When the league was first announced, many viewed Overtime Elite as a disruptive force for the NCAA and a lot of big names invested money, including rapper Drake and Amazon’s Jeff Bezos. Former UCONN Men’s basketball coach Kevin Ollie also announced that he would be the head coach, adding even more credibility to the league.
While the league’s future may be hurt by the NCAA’s decision to allow NIL deals, that won’t impact its current crop of players, like Jean Montero, who, in 2021, became the first international player to sign with Overtime Elite.
At the time, he was 17 years old and had been playing on the Dominican Republic’s national team since he was 13. Playing against much older competition fostered competitiveness in him and made him a strong playmaker since he was often setting up opportunities for his older teammates.
At 15 years old, Montero turned pro and played for Gran Canaria, a professional team in Spain, before signing with OTE.
In OTE, Montero was the leading scorer on his team, averaging 16.9 points per game while also chipping in 7.3 rebounds and 4.7 assists per game. He had the highest usage rate on the team at 26.3% but did shoot just 27.5% from beyond the arc, so there remain questions about how consistent his jumpshot can be at the next level.

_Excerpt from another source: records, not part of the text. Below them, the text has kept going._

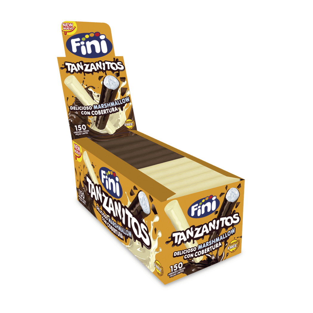 Estuche de 150 unidades de Tanzanitos con cobertura de Choco y Nata de Fini, bastones de nube con deliciosa cobertura de choco en blanco y negro. Ideales para decorar mesas dulces en bodas, comuniones o eventos, compartir con amigos o sorprender en cualquier fiesta. Debido a la cobertura, se recomienda mantenerlos en un lugar fresco, ya que son sensibles al calor.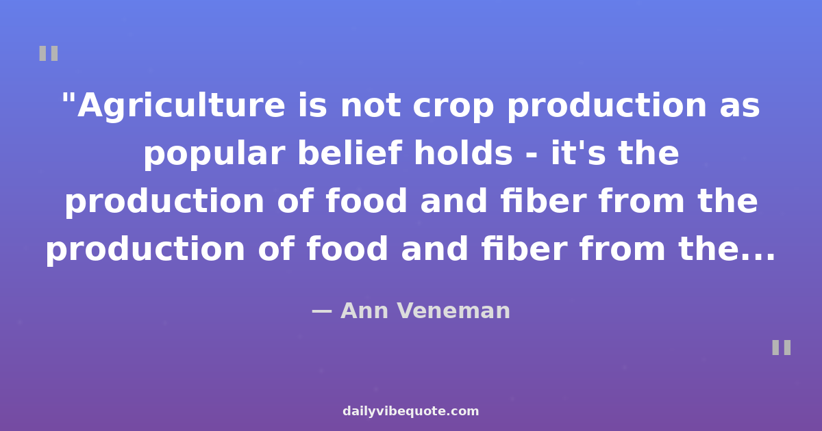 "Agriculture is not crop production as popular belief holds - it's the production of food and fiber from the world's land and waters. Without agriculture it is not possible to have a city, stock market, banks, university, church or army."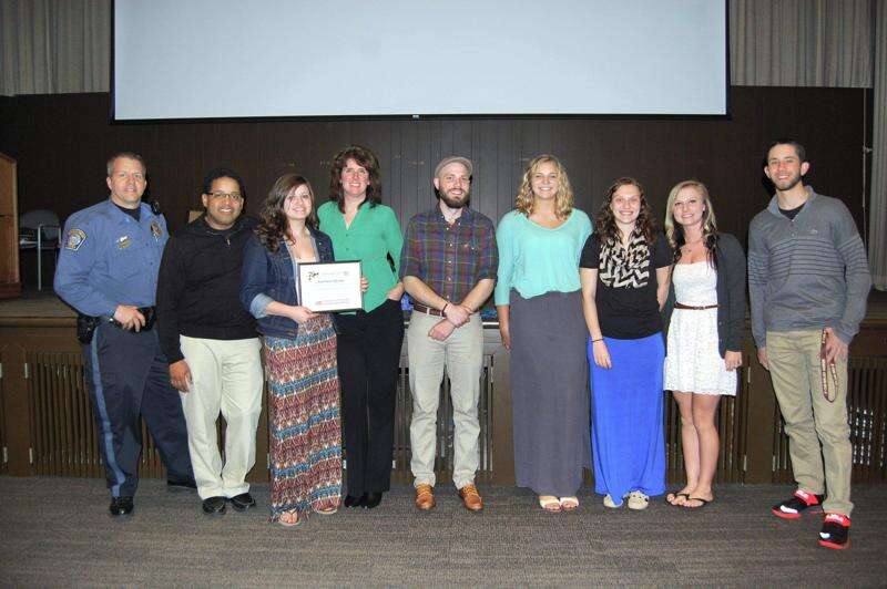 Bethlehem Township Police Officer Dean Wilson and Student's Against Destructive Decisions video contest judges Mike Kelly and Stephanie Wells, co-hosts for B-104 "Mike and Steph in the Morning" show and C.J. Matz, celebrate with Catasauqua High School students Abigail Wolfe, Shea O'Brien, Rachel Sell, Michaela Waldropl and Tyler Correll, who won second place at the SADD Video contest and award ceremony held April 11 at the Lehigh Valley Health Network Auditorium, Allentown. Students created short videos opposing drunk driving, texting while driving and other safety issues for teens.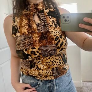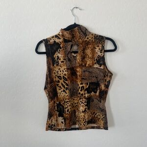 Mock Neck Turtleneck Cutout Leopard Cheetah Cat Animal Print Trendy Chic Blouse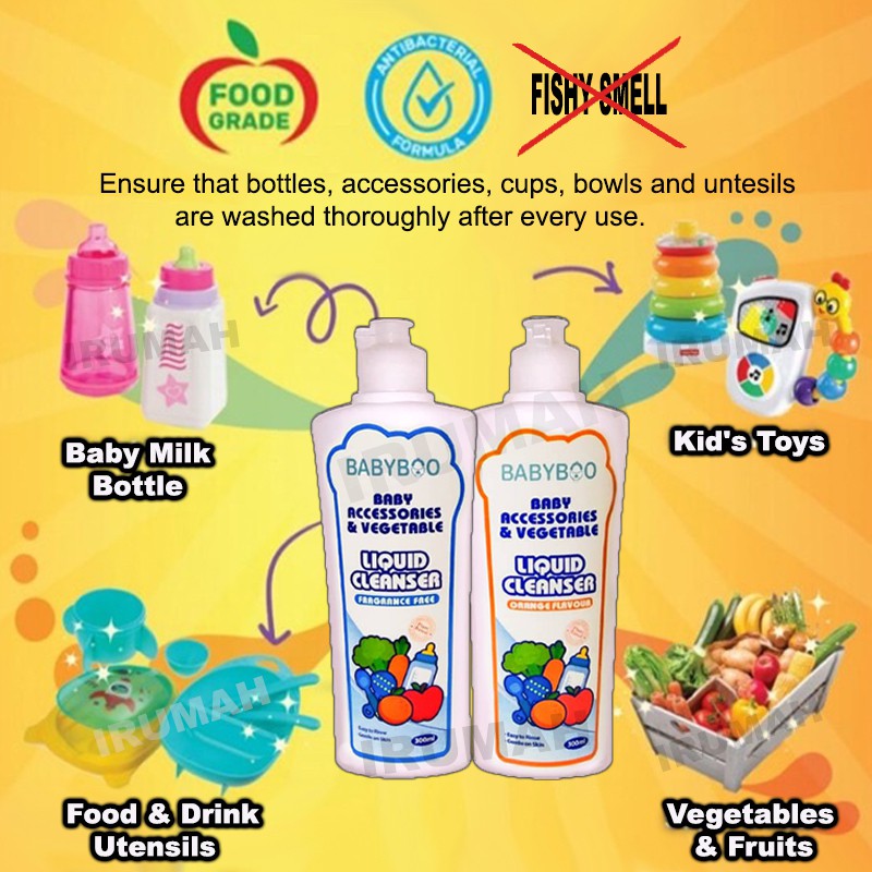 300ml BABYBOO Baby Accessories & Vegetable Fruits Liquid Cleanser Wash Pencuci Botol Susu Mainan Bayi & Sayur Murah Eco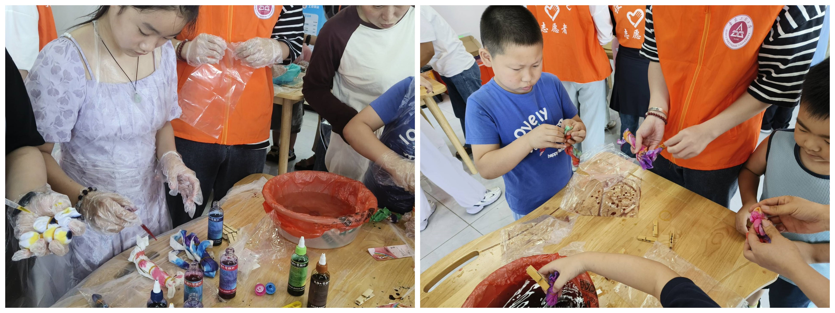 活动当天,设计学院的师生志愿者们早早地来到了活动现场,布置好了扎染工作坊,并准备了丰富的扎染材料和工具。随着参与活动的亲子家庭陆续到来,现场气氛逐渐升温,充满了欢声笑语。活动伊始,志愿者们向家长们和孩子们详细介绍了扎染的历史渊源、艺术特色以及制作流程。通过生动的讲解和演示,大家对扎染这一传统手工艺产生了浓厚的兴趣。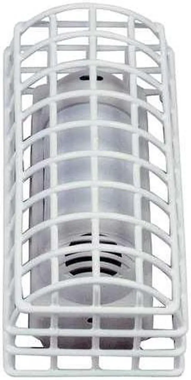 Motion Detector Guard, Open Back, Indoor, Outdoor, Color White, Material Steel, Mounting Surface, Width 4 in, Depth 3 3/4 in, Height 8 3/4 in, For Use With Motion Detectors, Operating Temp. -40 Degrees to 250 Degrees F, Features Guard Helps Protect Against Vandalism and Damage, Includes Mounting Hardware. This item has been restricted from sale in the following state (s): []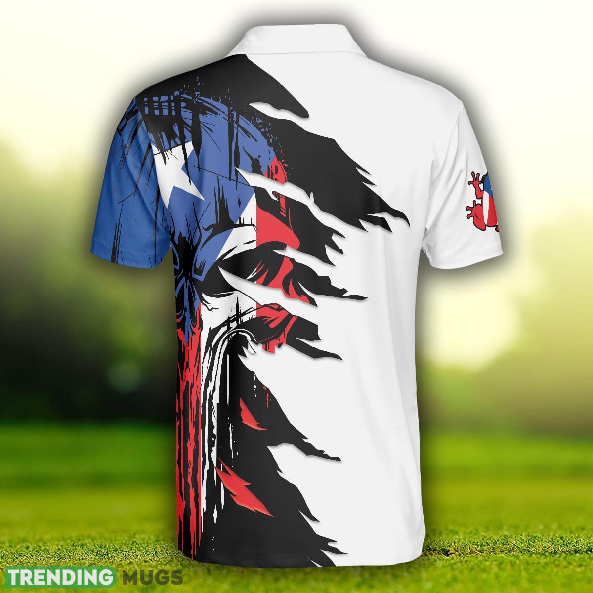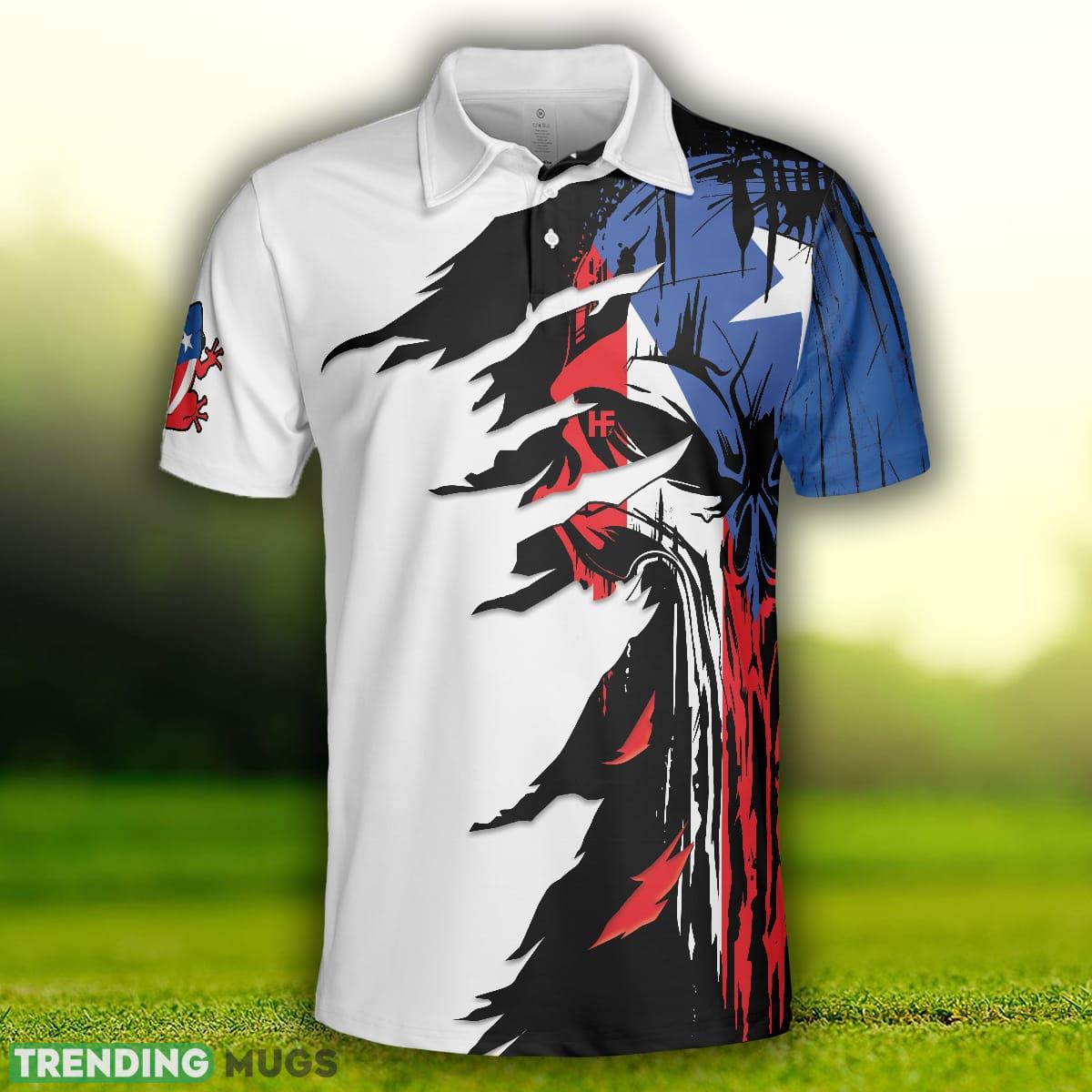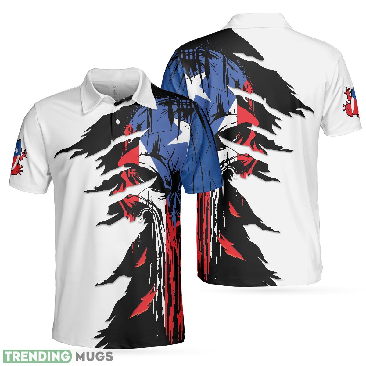 Get ready to show off your pride and passion for Puerto Rico with our Puerto Rico Skull, White Skull Puerto Rico Flag Shirt For American! This remarkable polo shirt combines American style with the vibrant Puerto Rico flag design, making it the absolute best choice for displaying your love for the beautiful island of Puerto Rico.

Some scouting services place the 6’2″ guard’s NBA comparison as Dennis Schroder since Montero is a quick and shifty guard who “should have success creating in the NBA.“
While he will start out on just an Exhibit 10 Contract, there’s no denying that Montero has the work ethic and desire to push for a spot on the Knicks roster. After all, this is a kid who built his own basketball court in his hometown of Villa Juana: “We found some wood, a bike that we took the wheels off of, took the cables inside the bike and some nails, then boom — we had our own court.”
When he first got his opportunity at OTE, Montero reflected that “this really wasn’t supposed to happen for me. This doesn’t happen for kids who are from where I’m from.” But he got here because he “kept fighting for [his] spot.”
He’ll have to do that once again, but if he performs well enough in the NBA Summer League, a spot in the G League and the potential to make an impact with the Knicks down the road remains in his grasp.